La Xunta eleva hasta los 905 millones de euros el perjuicio económico que sufrirá Galicia con las propuestas del Gobierno de condonación de la deuda y el nuevo modelo de financiación autonómica. Según explicó este martes el conselleiro de Facenda, Miguel Corgos, en el Parlamento gallego, la comunidad obtendrá 305 millones de euros menos que la media nacional al reformarse el sistema de reparto de recursos entre las autonomías.
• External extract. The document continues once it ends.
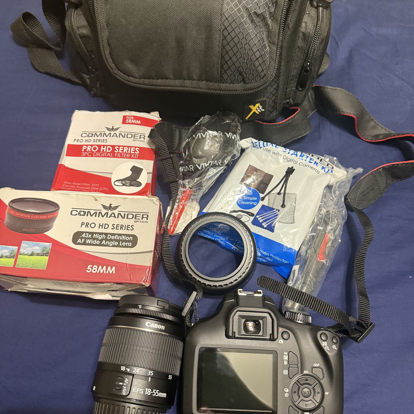 It comes with : -Canon Camera -Canon 18- 55mm lens -Camera Bag Extra accessories: -Filters ( UV/filter kit ) -Cleaning kit -strap + extras + camera stand

Y a esta cifra se suman los 600 millones que pierde «con la mutualización» de la deuda.

Por esta razón, llamó a los grupos de la Cámara autonómica a lograr «una posición de país» contra el nuevo modelo de financiación autonómica. Sin embargo, solo PP y BNG coinciden en rechazarla, lo cual no implica que sean aliados, pues el Bloque culpa a la Xunta de «negarse» a negociar bilateralmente con el Estado y de «tener las manos atadas» por Génova. Mientras, el PSdeG defiende el nuevo modelo, si bien cree que hay «margen real» de mejora.

Corgos detalló en la Cámara que la propuesta para condonar la deuda perdona a Galicia 4.000 millones de euros, pero «sube la participación de la población gallega en la deuda del Estado a 4.600 millones», porque este endeudamiento se reparte entre todos. Además, el conselleiro denuncia que el Gobierno promete elevar la financiación autonómica en 21.000 millones de euros, pero a Galicia solo le tocaría el 2,8 por ciento de ese incremento cuando representa el 6 por ciento de la población y el 6,5 por ciento si se ajusta el censo a criterios como dispersión y envejecimiento. «Es una oferta especialmente perjudicial para nuestra comunidad», alertó.

El titular de Facenda considera que la propuesta del Ministerio de Hacienda sustituye la «solidaridad» territorial entre comunidades por el principio de «ordinalidad», por el que las comunidades recibirán más recursos en función de lo que aportan al fondo común.

Cataluña

«La comunidad gallega pasará a estar peor financiada que nunca», lamentó Corgos. Así, criticó que el nuevo modelo del Gobierno «no garantiza la discriminación positiva para los territorios con más necesidades, sino que favorece a quien tiene mayor capacidad tributaria».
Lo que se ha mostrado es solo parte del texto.